For the following beamshots, I used a Canon EOS 5D Mk2 with a 50mm lens. Manual settings: ISO1600, 1/4sec, F4, 5000K
The shed is about 65 meters / 71 yards away, and the reflective fence about 200 meters.
Explore and compare the beamshots from the following flashlights:
Please note that beamshots are mainly intended to showcase the beam pattern and beam quality, rather than overall performance. These images are typically taken directly after activation, and do not fully represent its overall performance. For accurate performance metrics, such as output, beam distance, and runtimes, you need to look at the performance section of this review.
Disclaimer: This flashlight was sent to us for review at no cost by Olight. We have not been paid to review, nor have we been holding back on problems or defects.
- Good performance
- Smooth beam
- No PWM
- Includes rechargeable battery with USB-C
- Odd shape
- Switch is too small without much feedback
- Tailcap is hard to remove
Explanation on star ratings:
1: Avoid: my phone flashlight would be a better choice – 2: Poor: significant defect or issues; almost unusable – 3: Average: some defects or issues; but still usable 4: Good: recommended (minor issues) – 5: Great: highly recommended
3.5 stars: ★★★⋆
While our star rating provides a reliable indicator, we encourage you to read the full review to make an informed decision based on your own needs and preferences.

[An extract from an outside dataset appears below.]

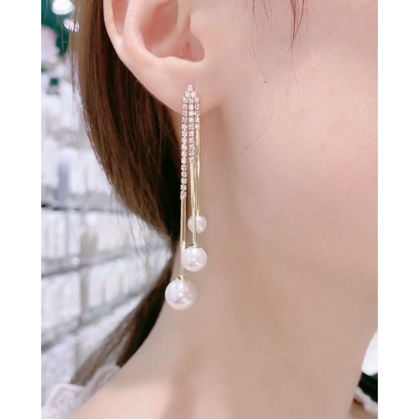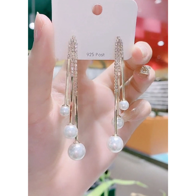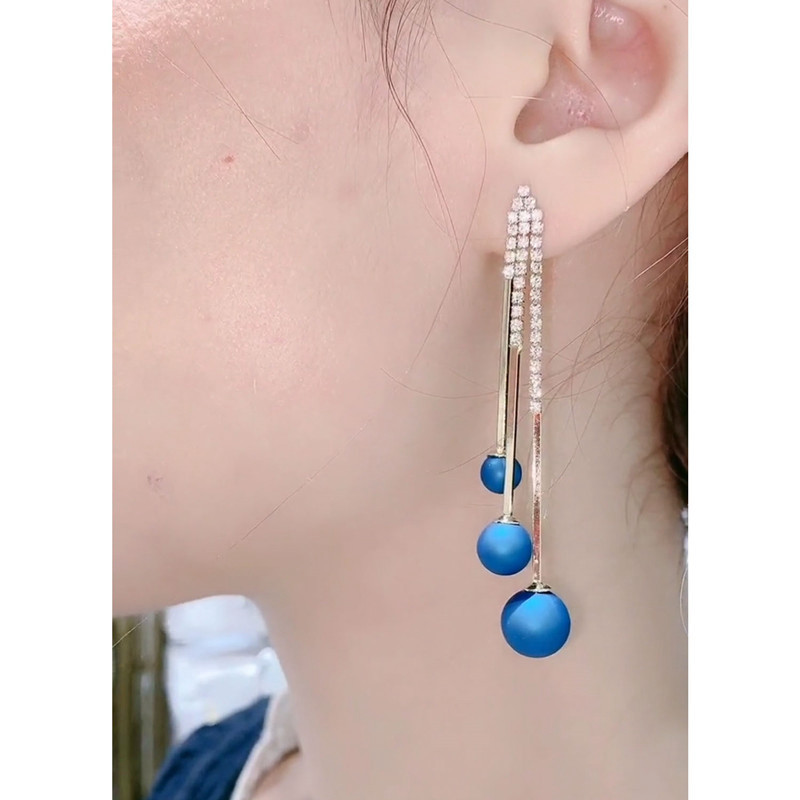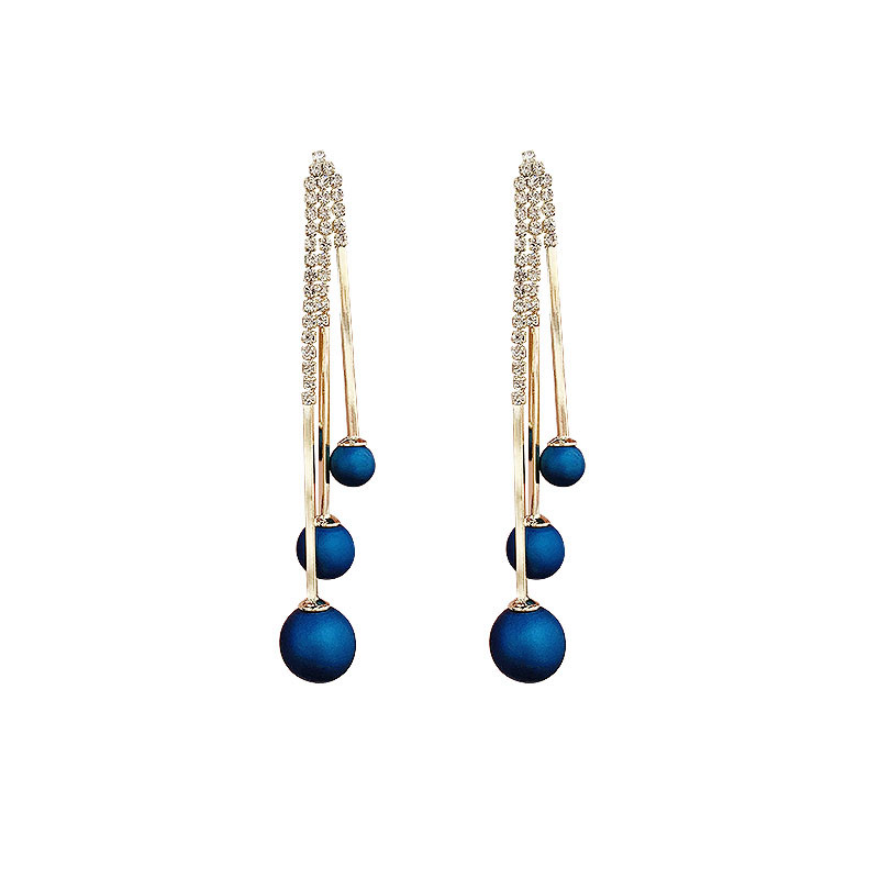 蓝色珍珠耳环女气质韩国2020年新款网红百搭长款显脸瘦的流苏耳饰
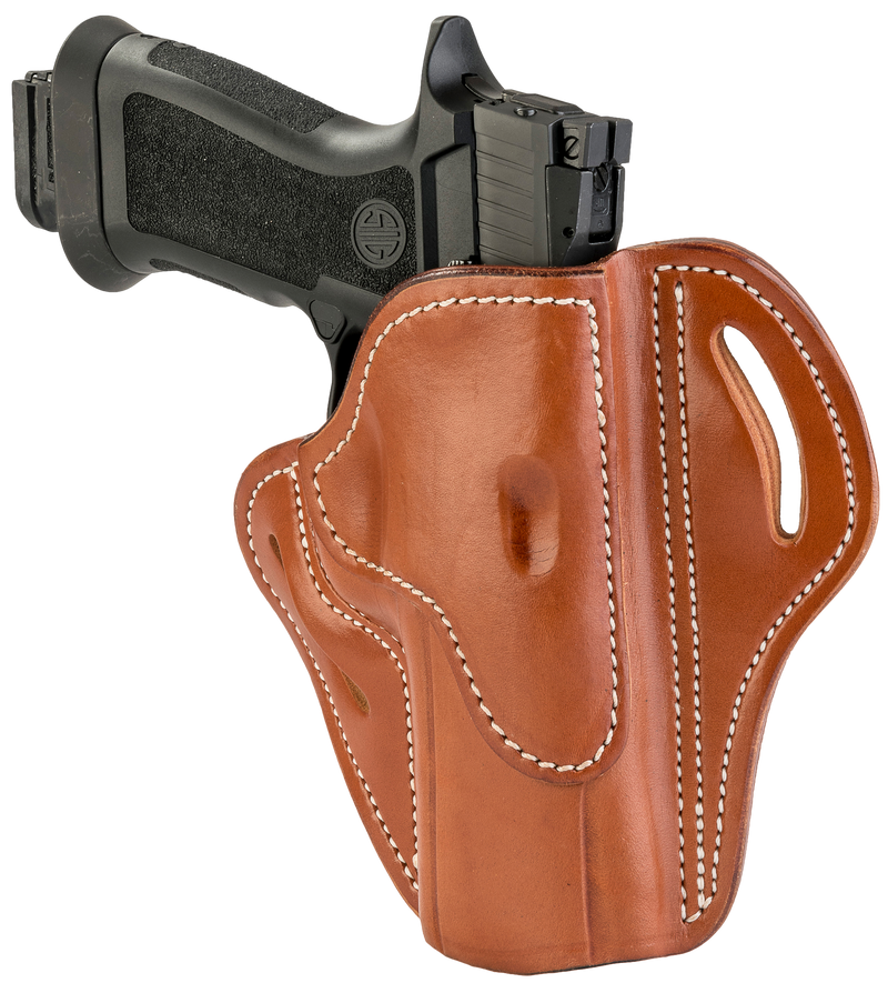 Outside-the-waistband belt slide holster made from leather, designed for right-hand carry. Compatible with Walther PPQ, Sig P320, Springfield XD-M, and similar mid-size pistols. Dimensions are 10.9" length x 2.6" height with a 9.3" width.

Olight makes many great products, and many of their lights are great. They tend to have some of the best performance, combined with interesting features.
But, the Olight Diffuse is not one of them.

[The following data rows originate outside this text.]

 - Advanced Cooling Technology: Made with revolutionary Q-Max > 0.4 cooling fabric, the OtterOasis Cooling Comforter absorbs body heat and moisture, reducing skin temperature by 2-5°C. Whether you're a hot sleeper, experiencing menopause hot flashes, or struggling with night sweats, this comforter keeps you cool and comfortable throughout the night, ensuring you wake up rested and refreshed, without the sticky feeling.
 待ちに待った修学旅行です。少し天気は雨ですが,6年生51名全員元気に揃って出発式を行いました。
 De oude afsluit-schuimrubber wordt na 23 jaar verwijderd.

The odd shape, combined with a lack of knurling, and the tiny switch makes it less than ideal for EDC use. If they had made the switch bigger (wider) it would have been a bit of a different story. A bit, because the tailcap is also not very practical, so Olight probably needs to have another look at this one.
To finish this review on a more positive note: it does have a pretty nice and smooth beam, good performance, and it includes a rechargeable battery with USB-C port. But that’s all.